Given information:

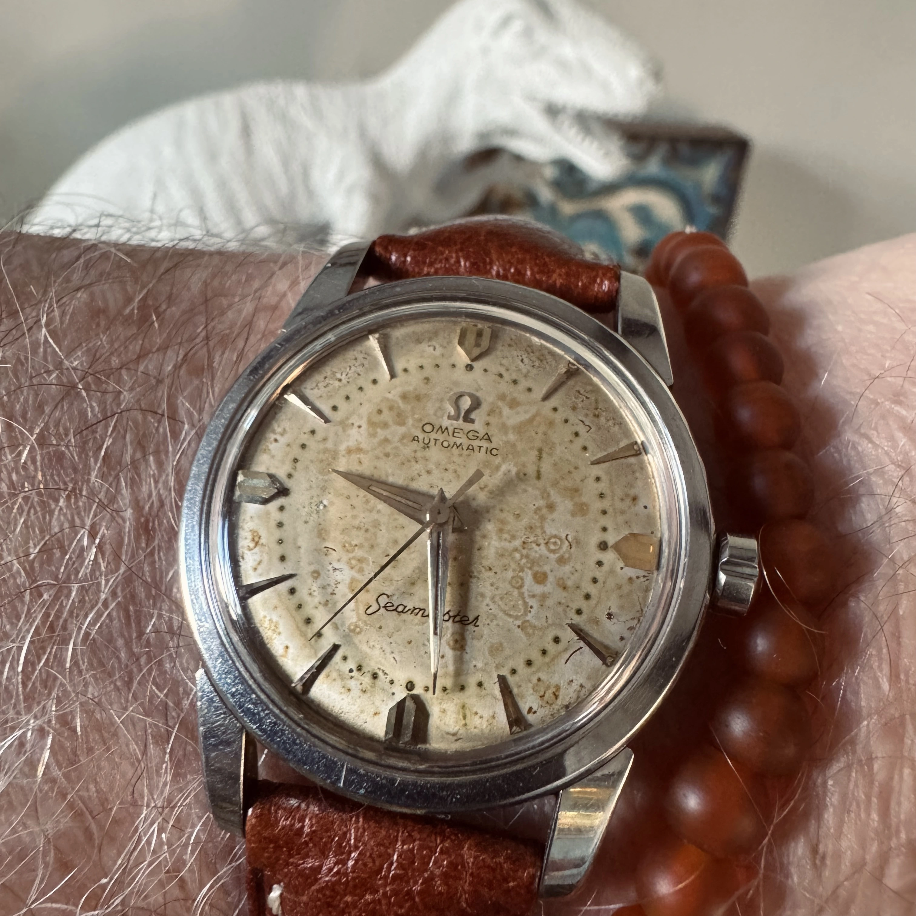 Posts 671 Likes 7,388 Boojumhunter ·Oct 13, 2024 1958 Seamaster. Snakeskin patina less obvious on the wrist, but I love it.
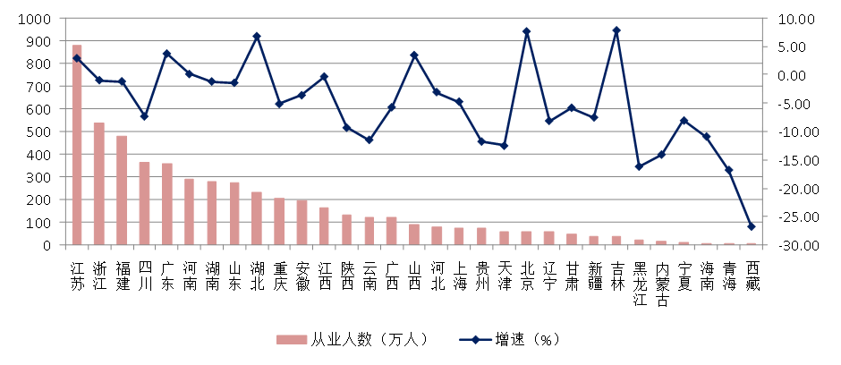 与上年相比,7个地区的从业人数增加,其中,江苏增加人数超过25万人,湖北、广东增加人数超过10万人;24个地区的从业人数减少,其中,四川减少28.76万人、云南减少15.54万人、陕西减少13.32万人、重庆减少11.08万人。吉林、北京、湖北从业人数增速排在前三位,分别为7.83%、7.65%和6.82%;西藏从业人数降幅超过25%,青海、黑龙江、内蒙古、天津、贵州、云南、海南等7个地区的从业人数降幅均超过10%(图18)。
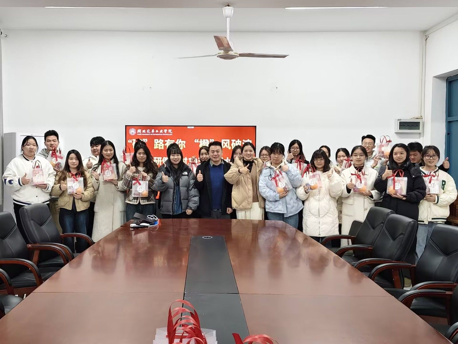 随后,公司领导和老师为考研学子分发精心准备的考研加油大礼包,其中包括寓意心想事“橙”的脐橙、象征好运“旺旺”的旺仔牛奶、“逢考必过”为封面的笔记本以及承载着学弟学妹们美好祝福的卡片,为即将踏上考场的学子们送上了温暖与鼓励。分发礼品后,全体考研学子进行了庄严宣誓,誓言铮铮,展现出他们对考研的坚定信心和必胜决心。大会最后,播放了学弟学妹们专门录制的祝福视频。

Assignment:
Please give the data above again in exact form and omit every picture.

Answer section:
 Posts 671 Likes 7,388 Boojumhunter ·Oct 13, 2024 1958 Seamaster. Snakeskin patina less obvious on the wrist, but I love it.
 与上年相比,7个地区的从业人数增加,其中,江苏增加人数超过25万人,湖北、广东增加人数超过10万人;24个地区的从业人数减少,其中,四川减少28.76万人、云南减少15.54万人、陕西减少13.32万人、重庆减少11.08万人。吉林、北京、湖北从业人数增速排在前三位,分别为7.83%、7.65%和6.82%;西藏从业人数降幅超过25%,青海、黑龙江、内蒙古、天津、贵州、云南、海南等7个地区的从业人数降幅均超过10%(图18)。
 随后,公司领导和老师为考研学子分发精心准备的考研加油大礼包,其中包括寓意心想事“橙”的脐橙、象征好运“旺旺”的旺仔牛奶、“逢考必过”为封面的笔记本以及承载着学弟学妹们美好祝福的卡片,为即将踏上考场的学子们送上了温暖与鼓励。分发礼品后,全体考研学子进行了庄严宣誓,誓言铮铮,展现出他们对考研的坚定信心和必胜决心。大会最后,播放了学弟学妹们专门录制的祝福视频。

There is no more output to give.